Please join us for an Artist Reception during the ArtWalk, Thursday, August 17th from 5-8pm and Meet the Artist.
CONVERGENCE
Patience and humility guide Jared Sanders: “I’m still learning how to paint,” he says. “Each painting teaches me something new.”
In this open-minded state, Sanders allows ideas to germinate before coming to fruition. “Some ideas I’ve been thinking about for several years; I haven’t quite figured out how to get them on canvas. Maybe they are too far of a leap. Sometimes, things that I learn from one painting make other ideas in my head finally possible.”

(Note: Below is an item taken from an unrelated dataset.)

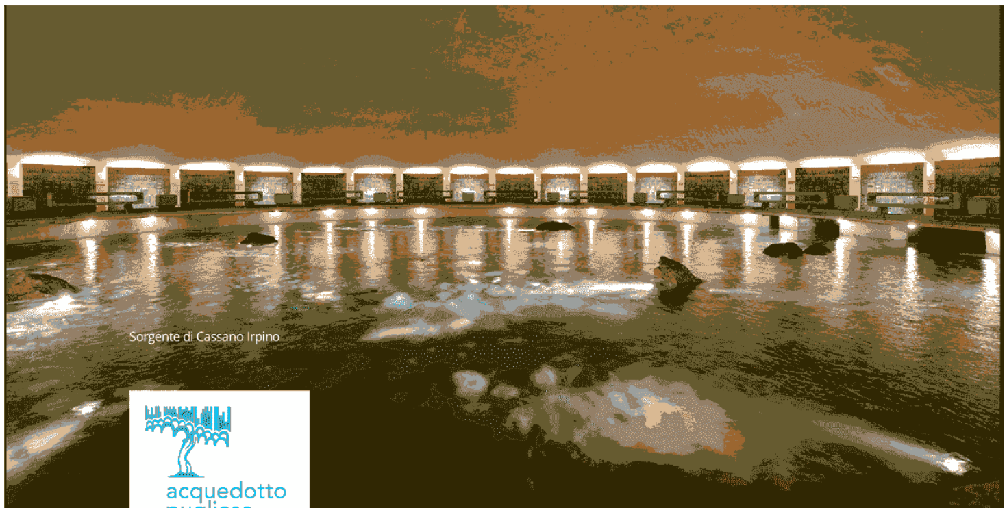
Sorgente di Cassano Irpino

Take, for example, his nuanced concept for a barn scene: Sanders imagines a sketch-like structure, loose yet resolved, with a composition unified by a monochromatic palette. “I know what I want to accomplish with it—almost a large-scale sketch,” he says. “I haven’t done it yet, but I think I might actually be able to paint what’s in my head now.”
His handling of materials often makes the difference: the types of brushes or paints he uses; his application techniques; to frame or not to frame. “I’ve finally evolved to where some paintings won’t have frames and others will. This barn painting hopefully won’t have a frame—that’s part of what’s held me back.”
His patience now extends to allowing pauses in his praxis: “Over the years, I have found there’s pauses in the work where new possibilities and new ideas come together,” he says. “If I’m working nonstop in the studio, painting one painting after another without break, the work can become formulaic.”
“When I was a lot younger, I would just crank out paintings, saying ‘No’ to everything else. Part of that was good—it helped forward my career,” Sanders reflects. Decades on, he now values space away from his easel. “I have learned to do a lot of the problem-solving in my head when I’m not in the studio,” he says.
With such rumination comes the danger of over-thinking specific elements. “Each mark matters, but at the same time, can’t be too important or else it will become stagnant, or eclipse the overall effect of the painting,” he says. “This is the part of the process that I’m working on: I’m trying to overcome my natural tendency to be stiff and controlled by exploring ways of applying paint that feel more free-flowing and natural.”